Abdominal paracentesis: use of a standardised procedure checklist and equipment kit improves procedural quality and reduces complications.

作者信息

Fyson Jeremy, Chapman Laura, Tatton Michael, Raos Zoë

机构信息

Department of Medicine, North Shore Hospital, Auckland, New Zealand.

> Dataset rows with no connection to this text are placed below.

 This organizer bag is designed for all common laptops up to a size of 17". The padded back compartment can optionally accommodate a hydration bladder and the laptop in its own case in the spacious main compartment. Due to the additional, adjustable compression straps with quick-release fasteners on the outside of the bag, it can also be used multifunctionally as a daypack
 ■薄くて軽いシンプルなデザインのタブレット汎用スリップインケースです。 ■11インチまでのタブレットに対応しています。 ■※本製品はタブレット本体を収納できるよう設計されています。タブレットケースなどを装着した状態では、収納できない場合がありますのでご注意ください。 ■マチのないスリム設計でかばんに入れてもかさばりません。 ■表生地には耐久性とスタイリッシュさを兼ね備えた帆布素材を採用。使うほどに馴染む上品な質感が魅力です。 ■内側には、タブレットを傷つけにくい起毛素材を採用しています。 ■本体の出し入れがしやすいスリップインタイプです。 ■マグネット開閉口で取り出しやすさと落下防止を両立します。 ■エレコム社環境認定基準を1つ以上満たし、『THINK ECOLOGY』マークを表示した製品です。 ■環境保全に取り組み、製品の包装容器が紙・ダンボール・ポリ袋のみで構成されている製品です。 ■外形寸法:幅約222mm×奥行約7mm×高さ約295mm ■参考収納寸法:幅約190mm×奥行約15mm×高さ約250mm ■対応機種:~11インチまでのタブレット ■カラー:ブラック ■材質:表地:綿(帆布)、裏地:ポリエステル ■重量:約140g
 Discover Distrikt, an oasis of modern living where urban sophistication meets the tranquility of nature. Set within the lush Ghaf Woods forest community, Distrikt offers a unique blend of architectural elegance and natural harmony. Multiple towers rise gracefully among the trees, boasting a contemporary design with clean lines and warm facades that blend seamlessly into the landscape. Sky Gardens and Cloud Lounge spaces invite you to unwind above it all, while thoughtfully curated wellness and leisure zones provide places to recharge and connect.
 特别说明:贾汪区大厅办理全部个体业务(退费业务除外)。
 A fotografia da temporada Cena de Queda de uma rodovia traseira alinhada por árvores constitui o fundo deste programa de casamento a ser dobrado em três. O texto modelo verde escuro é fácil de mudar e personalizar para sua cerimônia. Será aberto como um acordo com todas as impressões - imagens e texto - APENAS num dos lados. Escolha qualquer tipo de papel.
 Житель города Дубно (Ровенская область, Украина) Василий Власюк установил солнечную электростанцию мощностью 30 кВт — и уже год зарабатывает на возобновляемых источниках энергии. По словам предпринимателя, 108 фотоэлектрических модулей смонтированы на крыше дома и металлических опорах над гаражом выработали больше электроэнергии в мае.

Department of Gastroenterology, North Shore Hospital, Auckland, New Zealand.

出版信息

Intern Med J. 2018 May;48(5):572-579. doi: 10.1111/imj.13741.

DOI:10.1111/imj.13741
PMID:29345405
Abstract

BACKGROUND

Paracentesis is a common invasive procedure performed by junior doctors. Audit of procedure conduct at two New Zealand hospitals in 2012 revealed poor performance across a range of quality measures, including documentation of informed consent, excessive catheter dwell times and inappropriate albumin prescription. Complication rates were 12.7%, compared with published rates of around 9%. A local procedure protocol did not exist.

AIM

To evaluate the effect of a standardised procedure checklist (PC) and equipment kit (EK) on procedural quality and complication rates for abdominal paracentesis.

METHODS

After presenting the 2012 audit results to resident doctors, we reviewed the paracentesis literature and developed a local procedure protocol (PC and EK). These tools were made readily available after an education campaign. Paracenteses performed after the intervention were studied to determine the impact on procedural quality and safety.

RESULTS

Seventy-four paracenteses (14 diagnostic; 60 therapeutic) were performed in 10 months after the introduction of PC and EK. Significant improvements were observed with the use of PC including documentation of informed consent (97% vs 74%, P = <0.01) and aseptic technique (100% vs 62%, P = <0.01). Catheter dwell times <6 h improved (72% vs 48%, P = 0.02). Inappropriate albumin prescriptions were less frequent (21% vs 66%, P = <0.01). Complication rates decreased from 12.7% to 2.8% (P = <0.01).

CONCLUSIONS

The PC and EK improved rates of informed consent, appropriate documentation and protocol adherence. Significantly fewer procedure-related complications occurred after introduction of these tools.

摘要

背景

腹腔穿刺术是初级医生进行的常见侵入性操作。2012年对新西兰两家医院的操作行为审核发现,在一系列质量指标方面表现不佳,包括知情同意书的记录、导管留置时间过长和白蛋白处方不当。并发症发生率为12.7%,而公布的发生率约为9%。当时不存在本地操作规范。

目的

评估标准化操作检查表(PC)和设备套件(EK)对腹腔穿刺术操作质量和并发症发生率的影响。

方法

向住院医生展示2012年审核结果后,我们查阅了腹腔穿刺术相关文献并制定了本地操作规范(PC和EK)。在开展教育活动后,这些工具随时可供使用。对干预后进行的腹腔穿刺术进行研究,以确定其对操作质量和安全性的影响。

结果

在引入PC和EK后的10个月内进行了74例腹腔穿刺术(14例诊断性;60例治疗性)。使用PC后观察到显著改善,包括知情同意书的记录(97%对74%,P =<0.01)和无菌技术(100%对62%,P =<0.01)。导管留置时间<6小时的情况有所改善(72%对48%,P = 0.02)。不当白蛋白处方的情况减少(21%对66%,P =<0.01)。并发症发生率从12.7%降至2.8%(P =<0.01)。

结论

PC和EK提高了知情同意率、适当记录率和规范遵守率。引入这些工具后,与操作相关的并发症显著减少。